October 21, 2016 / 12:57 IST
KR Choksey's research report on TCS Q2FY17 revenue grew by 1% in cc terms while US Dollar revenue grew by a mere 0.3% largely due to slowdown in Retail & CPG vertical which reported a de-growth of 3.1% qoq. De-growth in Retail & CPG translated into slower growth in Digital Revenues of 1.5% qoq, now contributing 16.1% of total revenues vs. 15.9% in Q1FY17. BFSI performance (1.2% growth qoq) reflected cautious client spending in the macro environment. Q2 witnessed soft volumes growth of 1.3% qoq while pricing continued to pressurize top-line growth. Operating margins at 26% improved 94 bps qoq and 106 bps above our estimate on higher operational efficiency as cost of revenues (COR) declined 1.7% qoq and SG&A expenses declined 0.4% qoq. Higher operational efficiency managed to tackle headwinds from GBP depreciation and INR appreciation.

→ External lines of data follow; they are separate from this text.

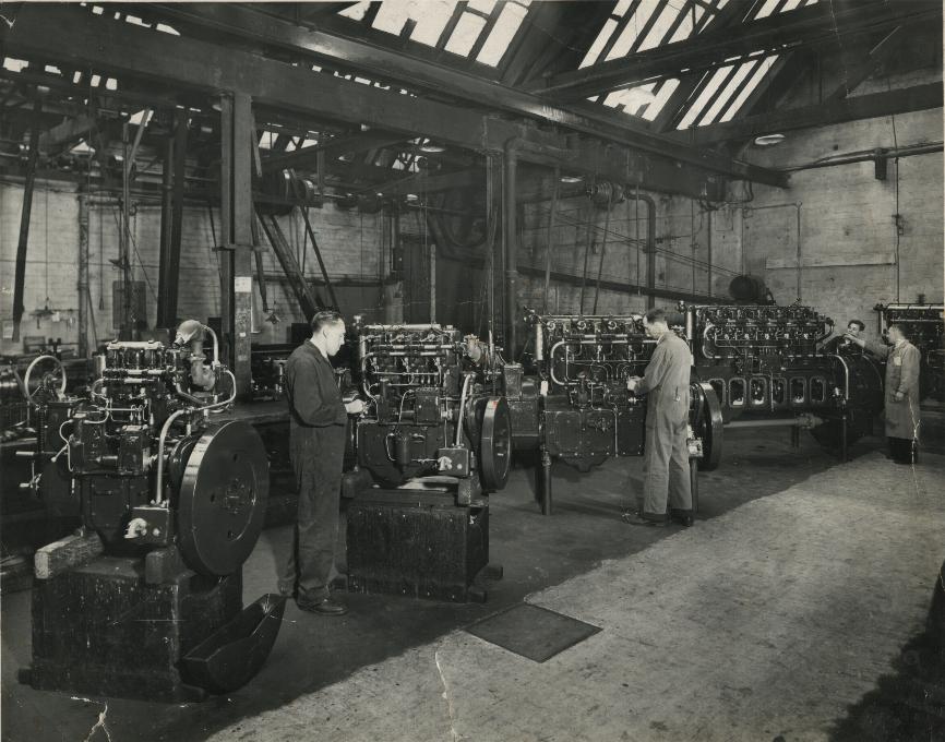 The engines from left to right (all diesels) are:- Models J2 (Cold start with larger flywheel), J3 (Petrol start), K4, KR6 and LR6. The line Shafting in the background is a small machine shop for the making up of propeller shafts, sterntubes etc. for the individual engine orders. This was left after the main machine shop was moved to Stafford Street in 1921.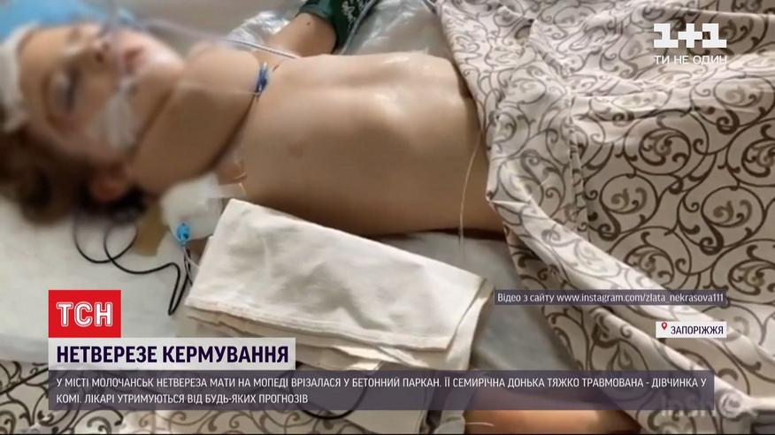 Вывести из комы 7-летнюю девочку пытаются запорожские медики. Девочка тяжело травмировалась во время ДТП. Ее нетрезвая мать везла на мопеде двух детей и врезалась в бетонный забор. Старшая дочь отделалась ушибами. Младшую с разбитой головой забрали в больницу в критическом состоянии. Ей уже сделали одну операцию и подключили к аппарату искусственной вентиляции легких. В крови матери медики обнаружили 2,2 промилле алкоголя - это равно бутылке водки.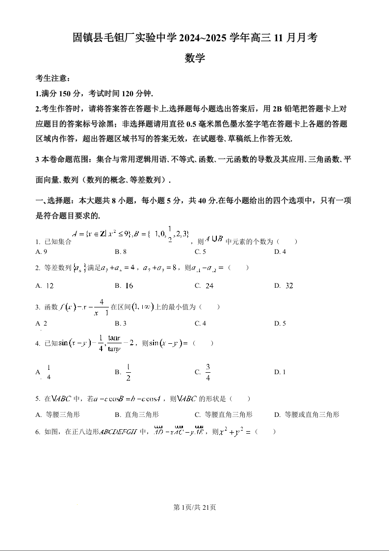 安徽毛坦厂实验中学2025届高三11月期中考试 数学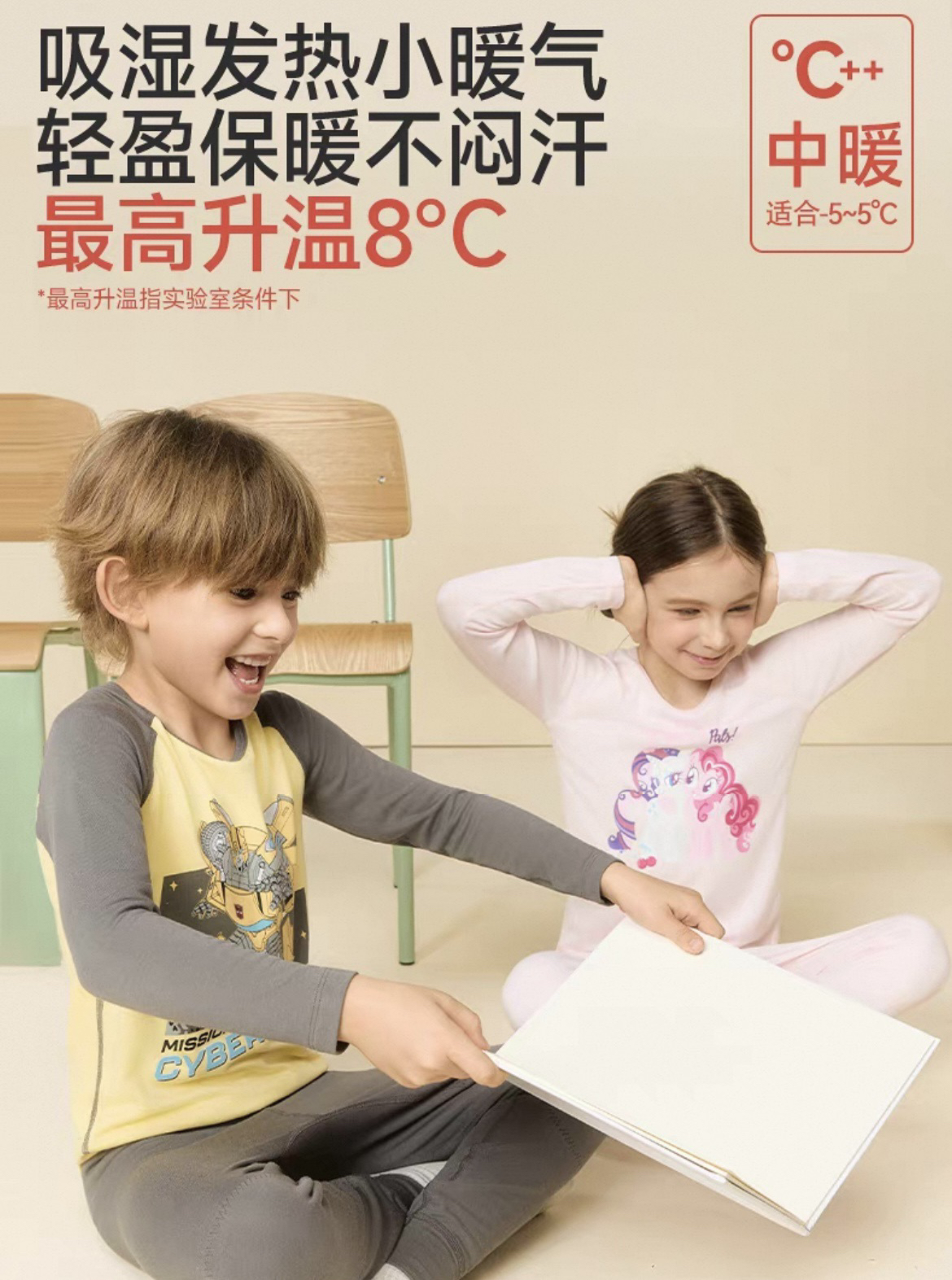 穿上就开始发热,身体立马能感觉到暖和,热量慢慢发散,全身均匀发热,保暖效果好的不得了,还能时刻让孩子保持体感干爽,穿着舒服,有一种被云朵包围的柔软感,舒服极了!

Although operational efficiency and the improved margins therein brought cheer to Q2 results, revenue growth instills caution in our outlook. Lack of structural improvement in pricing also limits our capacity to re-rate the stock. We will continue to monitor the environment post Brexit and events such as US elections. We have an “ACCUMULATE” rating on the stock as we assign a multiple of 15x to its FY18E EPS of INR. 162 to arrive at a price target of INR 2,570.